- _PROVIDED DATA_:
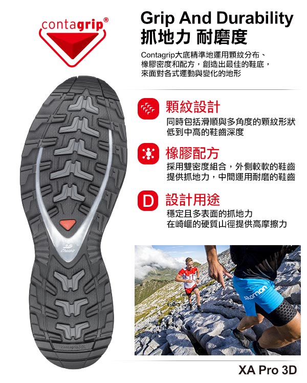 在抓地和耐用表現優異,大底的特殊刻紋設計和全地形適用的ContaGrip大底,具有較佳的黏性。
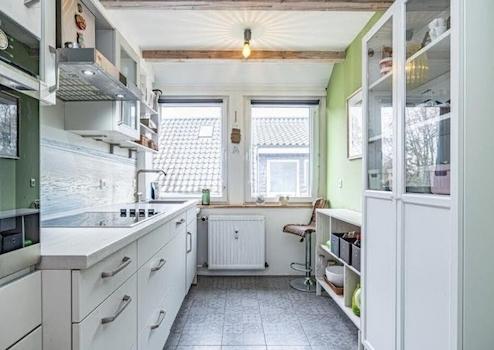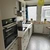 Die Einbauküche ( von 2018 ) verfügt über eine Cerankochplatte , einem Backofen auf Arbeitshöhe, sowie einem Geschirrspüler.
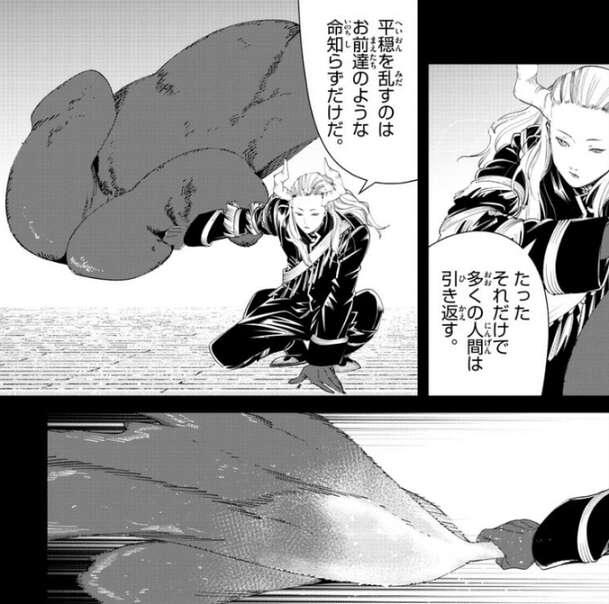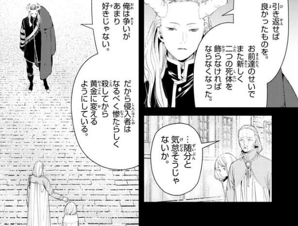 レルネンとエーデルが城塞都市を歩いていると、いつの間にかマハトが後ろに立っていました。マハトは気怠そうに、俺は争いがあまり好きじゃない、だから侵入者はなるべく惨たらしく殺してから、黄金に変えるようにしている、とレルネンとエーデルに言います。
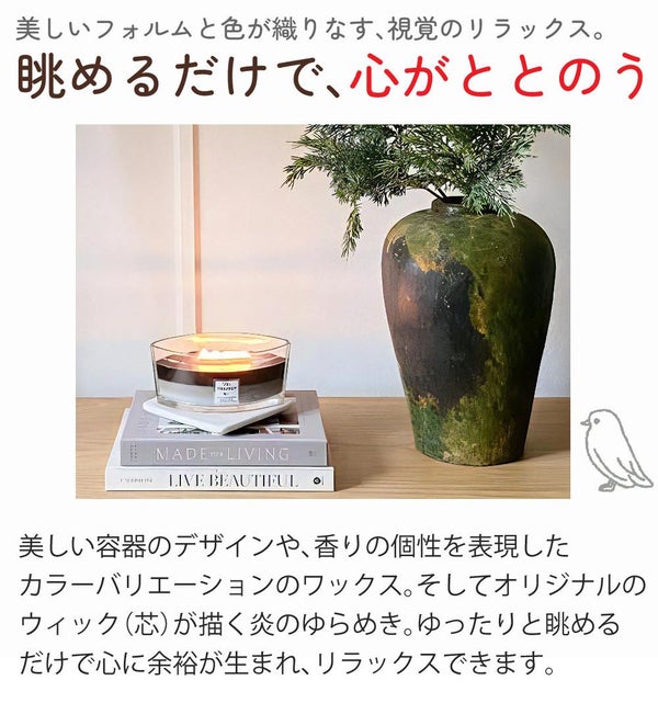 芯が自然木でできており、燃やすとたき火や暖炉のようにパチパチと音のするキャンドルです。ハース(Hearth)とは暖炉のこと。ウッドウィックから聞こえてくるパチパチ音はそのままに、暖炉でゆらめく炎の心地よさを再現しました。 「癒しの灯り」「高品質な香り」「パチパチ音」のハーモニーをより一層お楽しみいただけます。また、選び抜かれたカラーと香りは使う人を選びません。 自分使いにも、贈り物にもおすすめのキャンドルです。

- _THE PROBLEM_: Return the listing above word for word. Keep the images out.

- _RESULT OF THIS EXERCISE_:
 在抓地和耐用表現優異,大底的特殊刻紋設計和全地形適用的ContaGrip大底,具有較佳的黏性。
 Die Einbauküche ( von 2018 ) verfügt über eine Cerankochplatte , einem Backofen auf Arbeitshöhe, sowie einem Geschirrspüler.
 レルネンとエーデルが城塞都市を歩いていると、いつの間にかマハトが後ろに立っていました。マハトは気怠そうに、俺は争いがあまり好きじゃない、だから侵入者はなるべく惨たらしく殺してから、黄金に変えるようにしている、とレルネンとエーデルに言います。
 芯が自然木でできており、燃やすとたき火や暖炉のようにパチパチと音のするキャンドルです。ハース(Hearth)とは暖炉のこと。ウッドウィックから聞こえてくるパチパチ音はそのままに、暖炉でゆらめく炎の心地よさを再現しました。 「癒しの灯り」「高品質な香り」「パチパチ音」のハーモニーをより一層お楽しみいただけます。また、選び抜かれたカラーと香りは使う人を選びません。 自分使いにも、贈り物にもおすすめのキャンドルです。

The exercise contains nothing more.